Non-blocking collective communication

Questions

Is the synchronization of collective communications avoidable?

Objectives

Understand the utility of non-blocking collective communications
Employ available profiling tools to monitor code behavior

Introduction

Just like for point-to-point messages, applications that use non-blocking collectives can be more efficient than blocking ones. This is because the latency of communication can overlap with unrelated computation.

Non-blocking barrier synchronization

At first glance, this seems like a nonsense. However if a barrier is needed, then it can be quite useful to overlap work with the synchronization. Use cases are rare, but include highly unstructured work described by variable numbers of messages sent between ranks, or very latency-sensitive applications.

MPI_Ibarrier

int MPI_Ibarrier(MPI_Comm comm,
                 MPI_Request *request)

Parameters

A communicator comm and a request object that is a handler for a later wait call.

Non-blocking reduce

MPI_Ireduce starts a reduction operation and generates a request in a MPI_Request object. The reduction process is completed only when a test is passed or a wait call is done. Upon completion, the reduced value is collected in the root process.

MPI_Ireduce

int MPI_Ireduce(const void* sendbuf,
                void* recvbuf,
                int count,
                MPI_Datatype datatype,
                MPI_Op op,
                int root,
                MPI_Comm comm,
                MPI_Request *request)

Parameters

sendbuf, recvbuf, and count are the buffer on each process, the buffer on root, and the number of elements to be allocated on each process. datatype is the type of the data to be reduced. op is the reduction operation to be applied on the distributed data. The global result of the reduction operation is collected in the root process in the communicator comm. The request object that is returned must be used to wait on the communication later.

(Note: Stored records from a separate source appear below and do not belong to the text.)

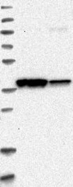 A Western blot analysis is performed on a panel of human tissues and cell lines to evaluate antibody specificity. For antibodies with unreliable result a revalidation using an over-expression lysate is performed.
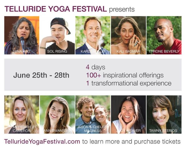 The 13th annual Telluride Yoga Festival, Thursday, June 25-28, 2020, will once again feature internationally renowned instructors and leaders in the fields of health and wellness.
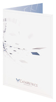 Four-color process printed on both sides of 130lb C2S White Dull stock. Coated with Satin Aqueous. H2 business card slits on right pocket.
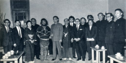 周恩来总理五月六日观看了日本话剧团演出的日本历史剧《郡上农民起义》。接见了日本话剧团团长泷泽修(前左四)、副团长东野英治郎(前左六)、副团长兼秘书长杉村春子(前左三),导演、日本话剧团顾问团长村山知义(前左七),编剧小林宏(后左二)等。
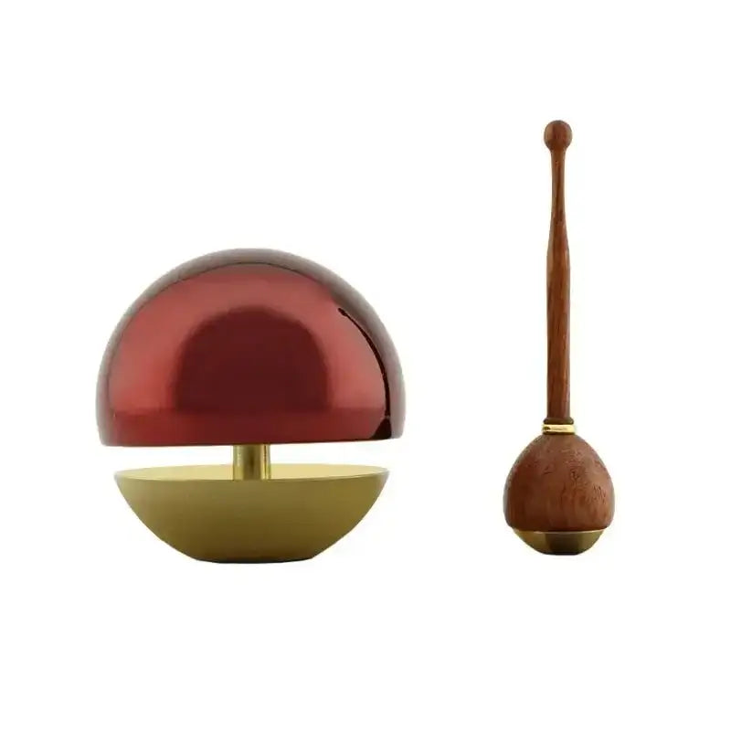 通常のおリンはリン本体を全面で支えている構造に比べ、たまゆらリンはリン本体を1点のみで支えることで音がとても伸びます。リンの大きさは1.8寸と2.0寸があり、1.8寸は高く長い音色、2.0寸は若干落ち着いた音色で長い音色を奏でます。
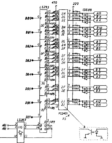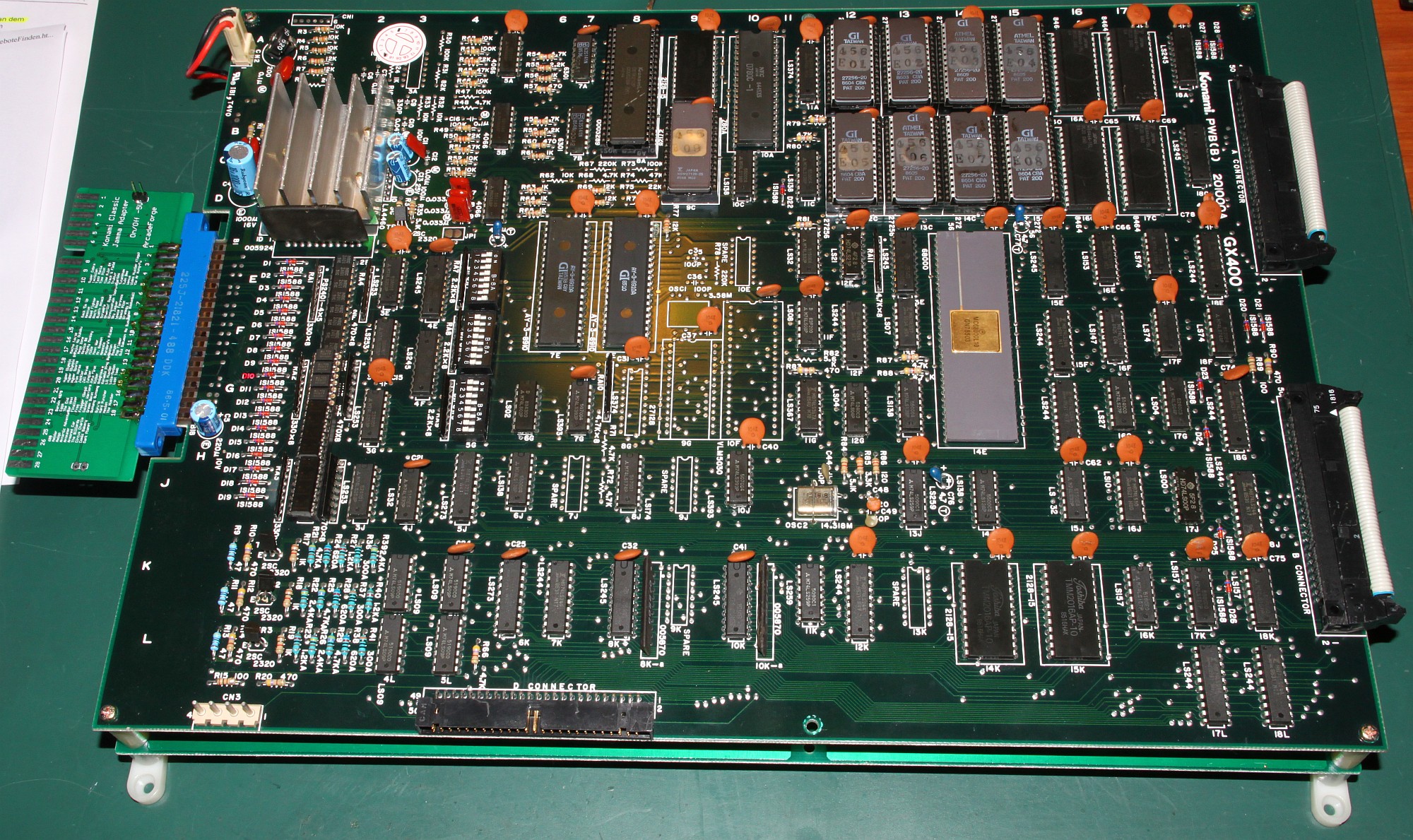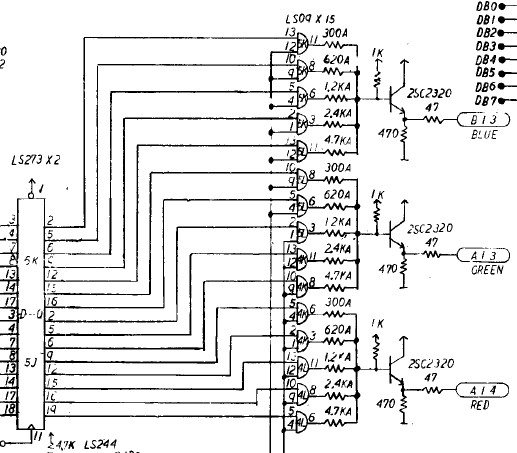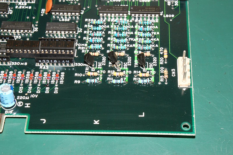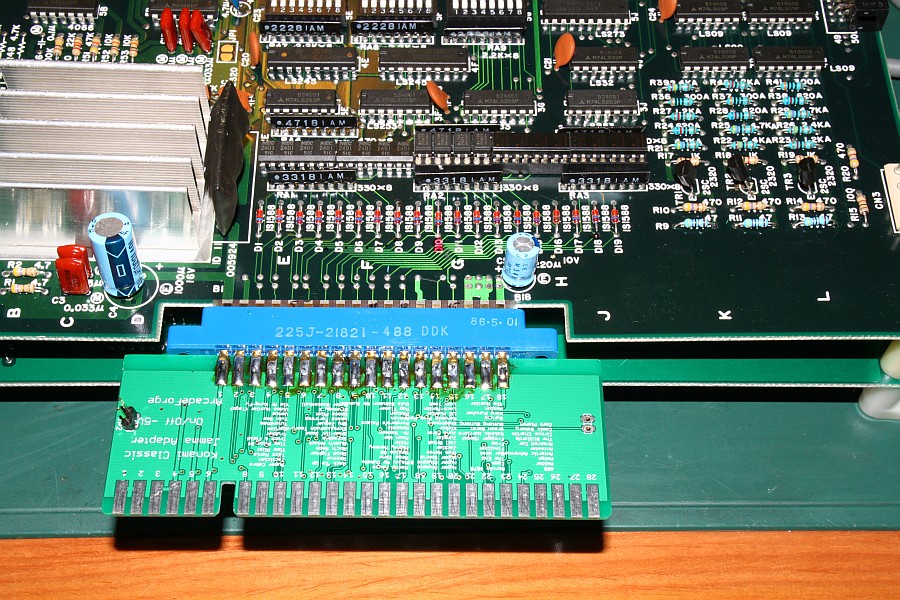 {Fehlerbeschreibung} Die Farben sind zu dunkel, im Schwarz leicht rötlich, wenn man hell aufdreht. Außerdem ist einer der Buttons daueraktiv (Item-Select, sehr lästig...), damit wird man ganz schnell ganz schnell, weil das Speedup Item das erste ist.... {Diagnose} Wer findet den ersten Fehler? {Reparatur 1} Klar: 330 statt der nötigen 47 Ohm, da hat wohl mein Vorgänger nicht die richtigen Werte in der Grabbelkiste gehabt! Die vielen verschiedenen Widerstände oben drüber sind die D/A-Wandler, danach die Videoverstärker für R, G und B mit Ausgangswiderstand 50 Ohm (47)... {Reparatur 2} Und schon sind die Farben wieder hell und klar, wie am ersten Tag. Und Nemesis ist eines der oldschool-Bonbon-bunten Games! Jetzt das Problem mit dem Select-Knopf. (ist es eigentlich normal, dass Nemesis Button 3 als Fire-Button benutzt?) Ein Blick auf den Konami-Adapter offenbart Grausames: hunderte von Platinen haben die Federkontakte ruiniert, bis hin zum Kurzschluss (15/O)... Aber daran lag es nicht: einer der Optokoppler hat einen Schuß, hätte man halt sofort alle austauschen sollen... {Ergebnis} PC817 ist ein Ersatz, die Original 2401 von NEC gibt es nicht mehr, noch nicht mal mehr ein Datenblatt... Schöne Farben, schöne Optokoppler - Patient lebt wieder. |
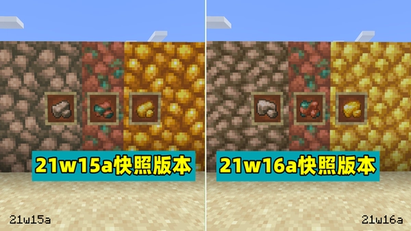 在之前快照版本更新的内容中,很多玩家吐槽“生矿”方块像豆子、花生、牛肉!这次的快照更新中,它们终于迎来了更新。
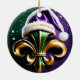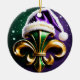 Fleur De Lis Merry Christmas Design Ceramic Ornament
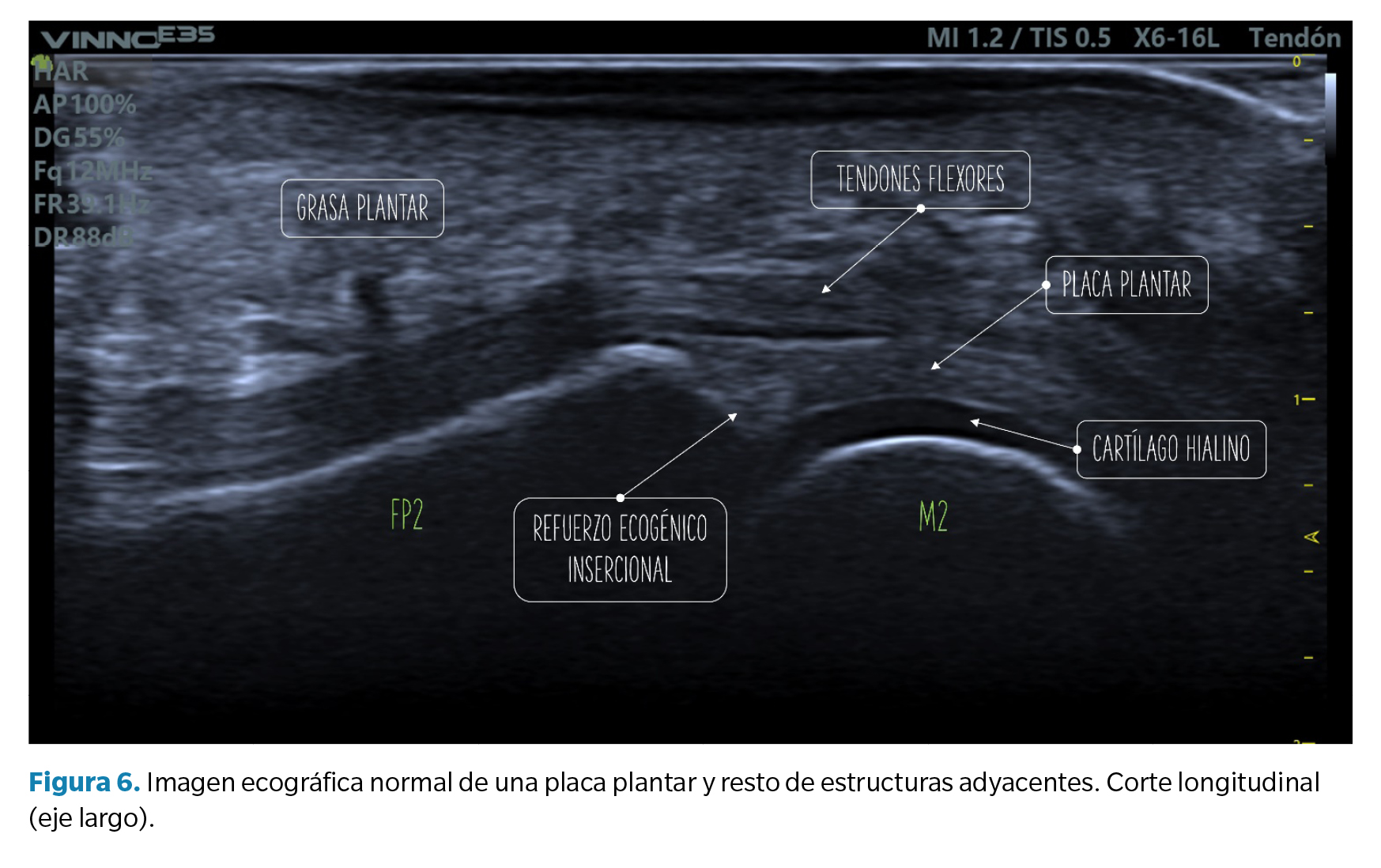 En la unión con la falange proximal, bien definida, el contorno óseo es normalmente liso y en la placa puede aparecer una zona triangular más ecogénica que se ha descrito como un hallazgo ecográfico normal y podría representar una mayor proporción de fibras de colágeno. La unión proximal al cuello metatarsal, en cambio, tiene una definición pobre en imagen ecográfica (Figura 6).
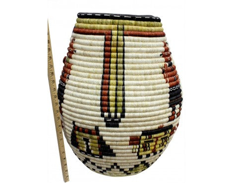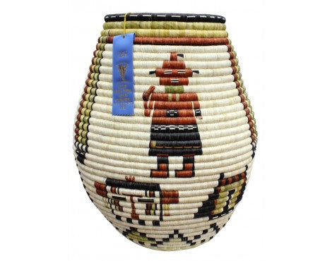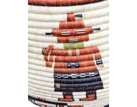 Rhetta Lou Adams, Hopi Coil Basket, Kachina Faces, 23" x 18 1/2"

Using ireduce for computing a running total in a stencil workflow

You can find a scaffold for the code in the content/code/day-3/00_ireduce folder. It is quite similar to that for the earlier non-blocking exercise. A working solution is in the solution subfolder. Try to compile with:

mpicc -g -Wall -std=c11 non-blocking-communication-ireduce.c -o non-blocking-communication-ireduce

When you have the code compiling, try to run with:

mpiexec -np 2 ./non-blocking-communication-ireduce

Try to fix the code

Solution

One correct approach is:

    fprintf(stderr, "Doing an non-blocking reduction on step %d\n", step);
    MPI_Ireduce(&local_total, &temporary_total, 1, MPI_FLOAT, MPI_SUM, total_root_rank, comm, &total_request);
}
/* Wait for the most recent total heat reduction, 4 steps after it was started */
if (step % 5 == 3 && total_request != MPI_REQUEST_NULL)
{
    MPI_Wait(&total_request, MPI_STATUS_IGNORE);
    total = temporary_total;
    if (rank == total_root_rank)
    {
        fprintf(stderr, "Total after waiting at step %d was %g\n", step, total);
    }
}

   ... same code as in the original example

/* Now that we have left the main loop, we should wait for
 * the most recent total heat reduction to complete. */
if (total_request != MPI_REQUEST_NULL)
{
    MPI_Wait(&total_request, MPI_STATUS_IGNORE);

There are other approaches that work correctly. Is yours better or worse than this one? Why?

Code analysis

How can you know when a blocking or non-blocking communication is required? It is cumbersome to analyse code with printing out instructions (printf) embedded in the code. For this reason, analysis tools have been written that allow you to monitor the behavior of your code in more detail. Some of these tools are Extrae/Paraver, TAU, Scalasca, to cite only a few of them.

Here, we will mention the combination of Extrae and Paraver tools that are developed at the Barcelona Supercomputing Center (BSC) and provide support for different architectures including CPUs and GPUs and also for different parallelisation levels, for instance, MPI, OpenMP, and MPI+OpenMP. Extrae is the tool used for producing trace files while Paraver is the visualiser/analyser tool.

In order to use Extrae, one needs to compile the code with debugging flag (-g). Events that should be monitored by Extrae are included in a .xml file (extrae.xml), for instance MPI or OpenMP:

<?xml version='1.0'?>

  <trace enabled="yes"
   home="/software/Extrae/3.8.0-gompi-2020b"
   initial-mode="detail"
   type="paraver" >

  <mpi enabled="yes">
    <counters enabled="yes" />
  </mpi>

  <openmp enabled="no">
    <locks enabled="no" />
    <counters enabled="no" />
  </openmp>

</trace>

For the non-blocking deadlock and overlap cases discussed in the previous lecture, the MPI call events show the following patterns in Paraver:

../_images/extrae-deadlock.png — MPI calls analysis for the deadlock case in the previous non-blocking section.

../_images/extrae-overlap.png — MPI calls analysis for the overlap case.

Notice that the size in the horizontal axis for the grid was increased to 8000 to make the visualisation clearer. From the overlap case, we can see that some work was interleaved (black region) between the MPI_Isend and MPI_Irecv calls and the waiting call (red rectangles).